Every record is to be copied unchanged, except that its pictures are removed.

▸ Saved entries
-*-

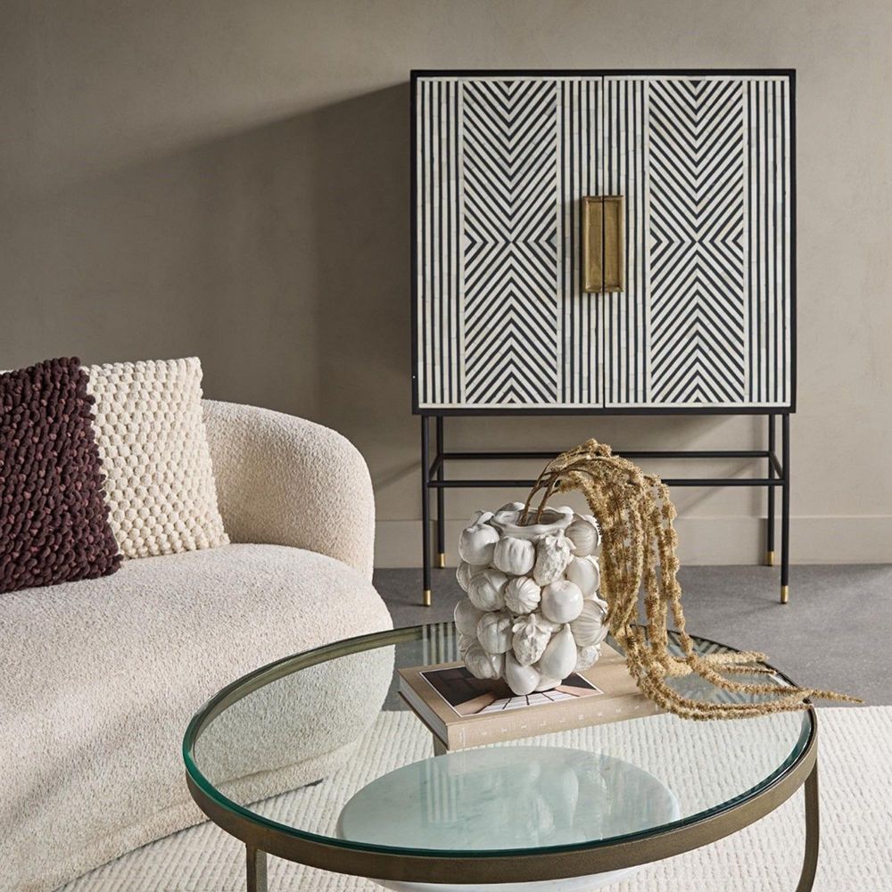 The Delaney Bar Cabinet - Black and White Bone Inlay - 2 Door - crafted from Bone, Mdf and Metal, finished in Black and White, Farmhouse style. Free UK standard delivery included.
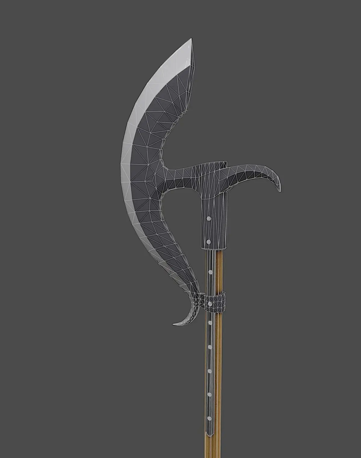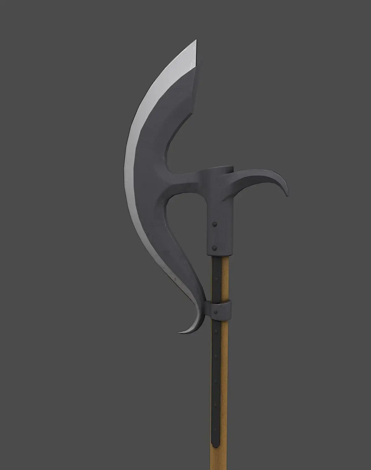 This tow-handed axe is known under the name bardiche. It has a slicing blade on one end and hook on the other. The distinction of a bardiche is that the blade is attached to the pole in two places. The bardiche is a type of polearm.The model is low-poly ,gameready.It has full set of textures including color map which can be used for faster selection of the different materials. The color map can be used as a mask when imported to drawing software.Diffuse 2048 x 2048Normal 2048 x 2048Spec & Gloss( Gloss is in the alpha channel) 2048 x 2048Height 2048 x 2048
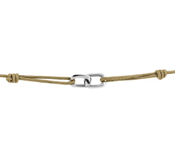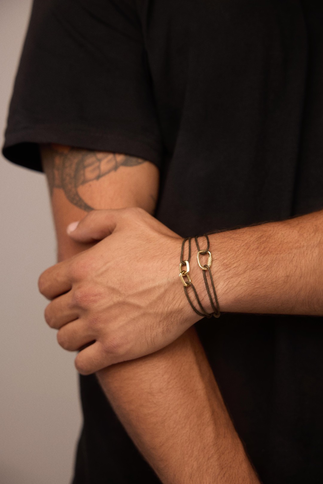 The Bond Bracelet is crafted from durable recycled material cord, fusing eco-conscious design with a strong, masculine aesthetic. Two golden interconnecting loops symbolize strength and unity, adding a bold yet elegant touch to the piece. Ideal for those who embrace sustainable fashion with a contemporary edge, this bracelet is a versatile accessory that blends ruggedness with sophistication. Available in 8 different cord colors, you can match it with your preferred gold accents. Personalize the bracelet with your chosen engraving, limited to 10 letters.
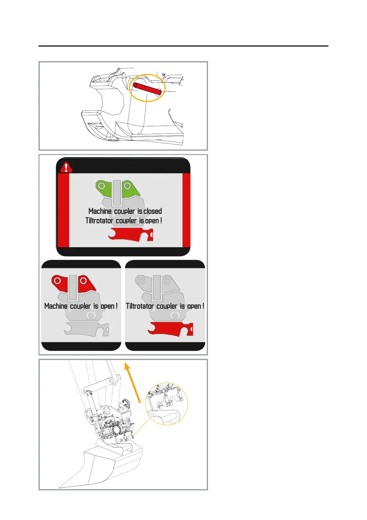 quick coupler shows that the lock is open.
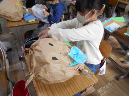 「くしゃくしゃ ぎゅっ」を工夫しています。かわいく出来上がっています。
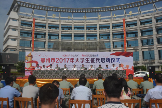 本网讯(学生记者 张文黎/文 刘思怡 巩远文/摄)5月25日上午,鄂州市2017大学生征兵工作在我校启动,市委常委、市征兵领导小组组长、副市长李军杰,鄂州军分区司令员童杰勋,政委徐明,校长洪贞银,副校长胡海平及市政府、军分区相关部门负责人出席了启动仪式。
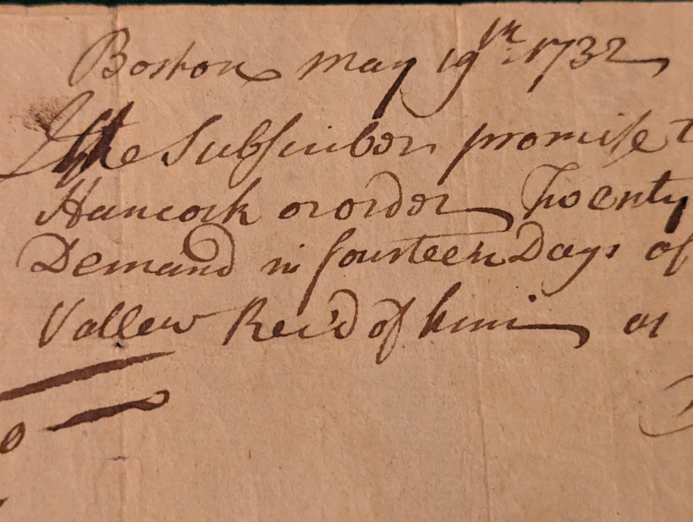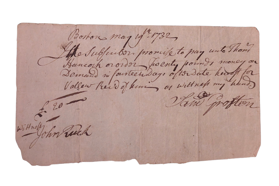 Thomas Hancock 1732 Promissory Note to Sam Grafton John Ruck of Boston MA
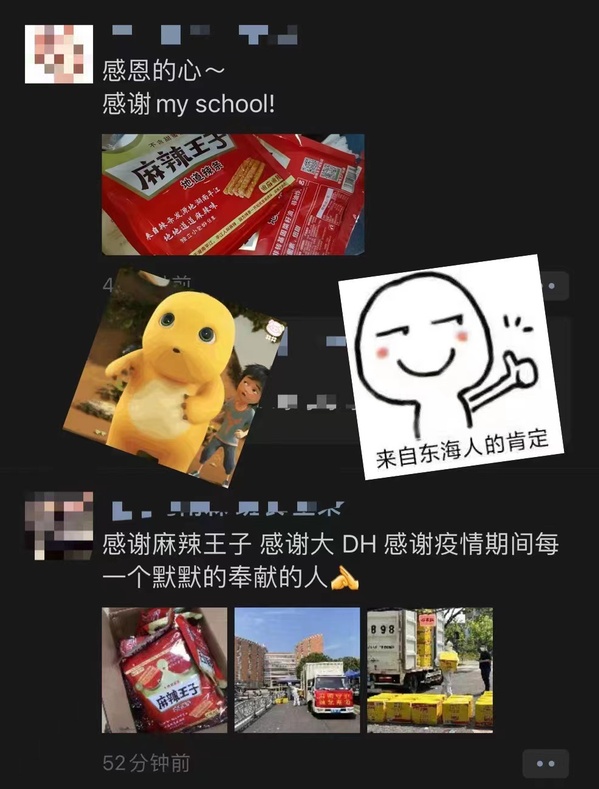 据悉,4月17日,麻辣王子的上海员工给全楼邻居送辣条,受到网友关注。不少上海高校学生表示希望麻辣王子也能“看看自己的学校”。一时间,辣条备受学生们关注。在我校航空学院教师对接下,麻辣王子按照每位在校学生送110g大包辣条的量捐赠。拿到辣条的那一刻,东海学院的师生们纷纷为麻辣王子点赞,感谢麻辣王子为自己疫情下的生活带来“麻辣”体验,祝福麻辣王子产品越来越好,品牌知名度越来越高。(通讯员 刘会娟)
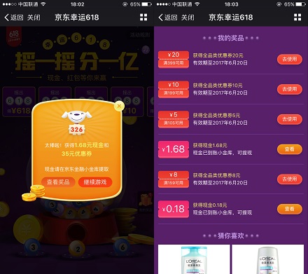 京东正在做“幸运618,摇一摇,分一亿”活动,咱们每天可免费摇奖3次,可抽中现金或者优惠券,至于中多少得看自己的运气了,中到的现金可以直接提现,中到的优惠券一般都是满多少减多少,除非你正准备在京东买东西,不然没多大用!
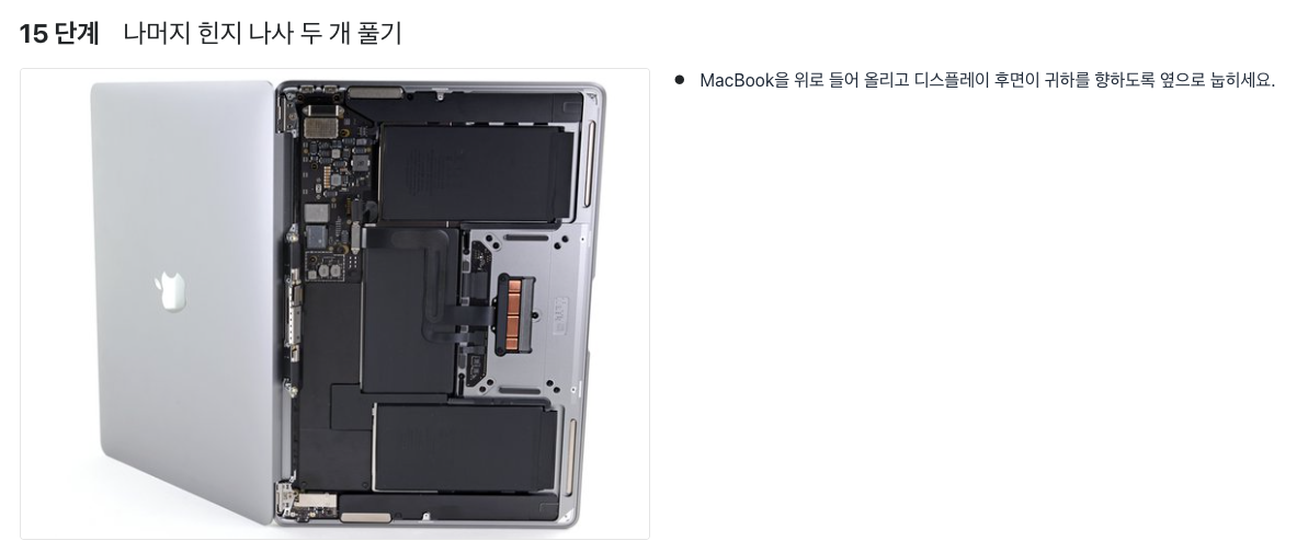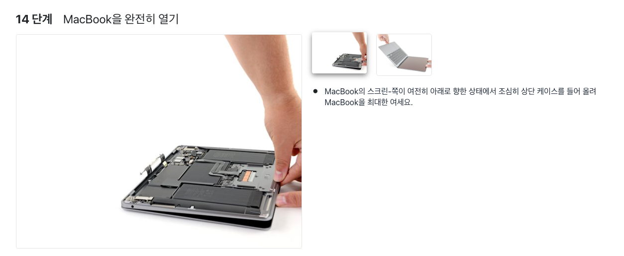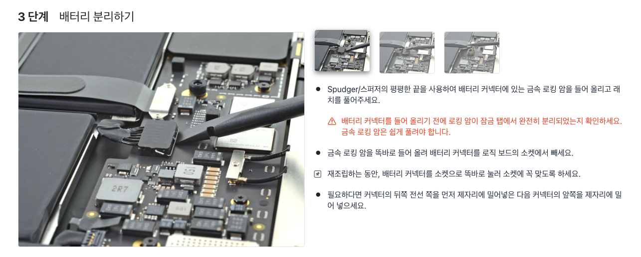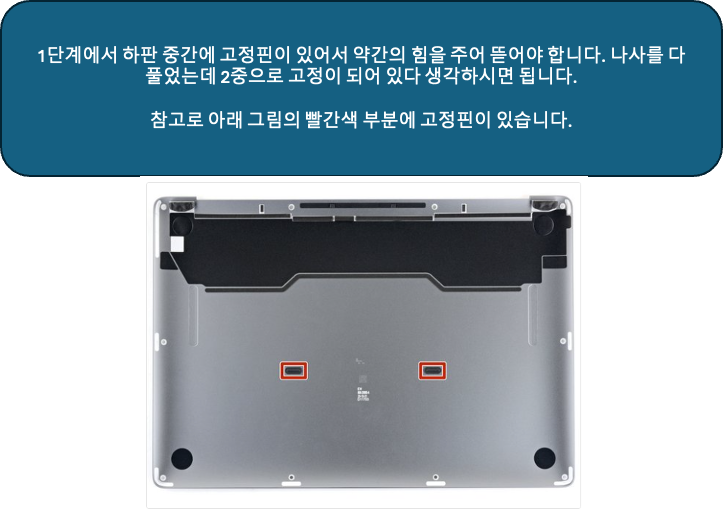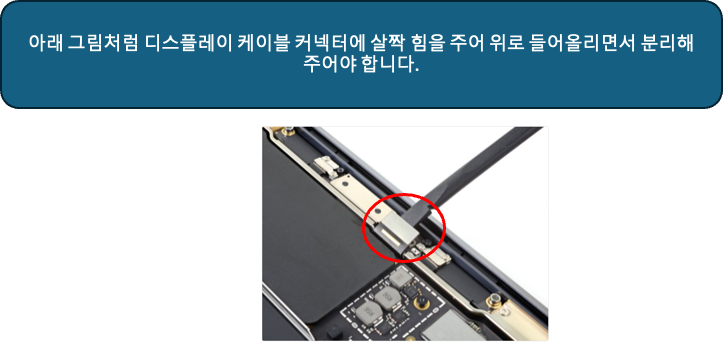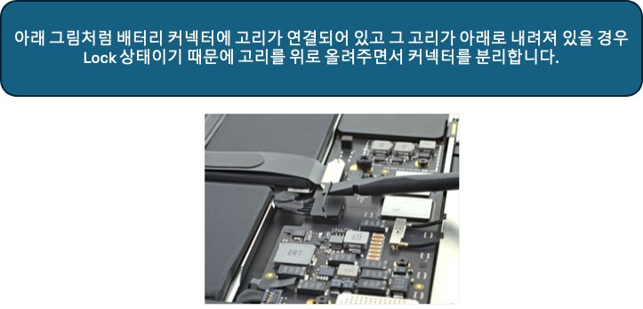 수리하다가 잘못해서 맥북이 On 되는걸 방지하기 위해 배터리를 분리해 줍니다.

-*-

▸ Answer to this problem
 The Delaney Bar Cabinet - Black and White Bone Inlay - 2 Door - crafted from Bone, Mdf and Metal, finished in Black and White, Farmhouse style. Free UK standard delivery included.
 This tow-handed axe is known under the name bardiche. It has a slicing blade on one end and hook on the other. The distinction of a bardiche is that the blade is attached to the pole in two places. The bardiche is a type of polearm.The model is low-poly ,gameready.It has full set of textures including color map which can be used for faster selection of the different materials. The color map can be used as a mask when imported to drawing software.Diffuse 2048 x 2048Normal 2048 x 2048Spec & Gloss( Gloss is in the alpha channel) 2048 x 2048Height 2048 x 2048
 The Bond Bracelet is crafted from durable recycled material cord, fusing eco-conscious design with a strong, masculine aesthetic. Two golden interconnecting loops symbolize strength and unity, adding a bold yet elegant touch to the piece. Ideal for those who embrace sustainable fashion with a contemporary edge, this bracelet is a versatile accessory that blends ruggedness with sophistication. Available in 8 different cord colors, you can match it with your preferred gold accents. Personalize the bracelet with your chosen engraving, limited to 10 letters.
 quick coupler shows that the lock is open.
 「くしゃくしゃ ぎゅっ」を工夫しています。かわいく出来上がっています。
 本网讯(学生记者 张文黎/文 刘思怡 巩远文/摄)5月25日上午,鄂州市2017大学生征兵工作在我校启动,市委常委、市征兵领导小组组长、副市长李军杰,鄂州军分区司令员童杰勋,政委徐明,校长洪贞银,副校长胡海平及市政府、军分区相关部门负责人出席了启动仪式。
 Thomas Hancock 1732 Promissory Note to Sam Grafton John Ruck of Boston MA
 据悉,4月17日,麻辣王子的上海员工给全楼邻居送辣条,受到网友关注。不少上海高校学生表示希望麻辣王子也能“看看自己的学校”。一时间,辣条备受学生们关注。在我校航空学院教师对接下,麻辣王子按照每位在校学生送110g大包辣条的量捐赠。拿到辣条的那一刻,东海学院的师生们纷纷为麻辣王子点赞,感谢麻辣王子为自己疫情下的生活带来“麻辣”体验,祝福麻辣王子产品越来越好,品牌知名度越来越高。(通讯员 刘会娟)
 京东正在做“幸运618,摇一摇,分一亿”活动,咱们每天可免费摇奖3次,可抽中现金或者优惠券,至于中多少得看自己的运气了,中到的现金可以直接提现,中到的优惠券一般都是满多少减多少,除非你正准备在京东买东西,不然没多大用!
 수리하다가 잘못해서 맥북이 On 되는걸 방지하기 위해 배터리를 분리해 줍니다.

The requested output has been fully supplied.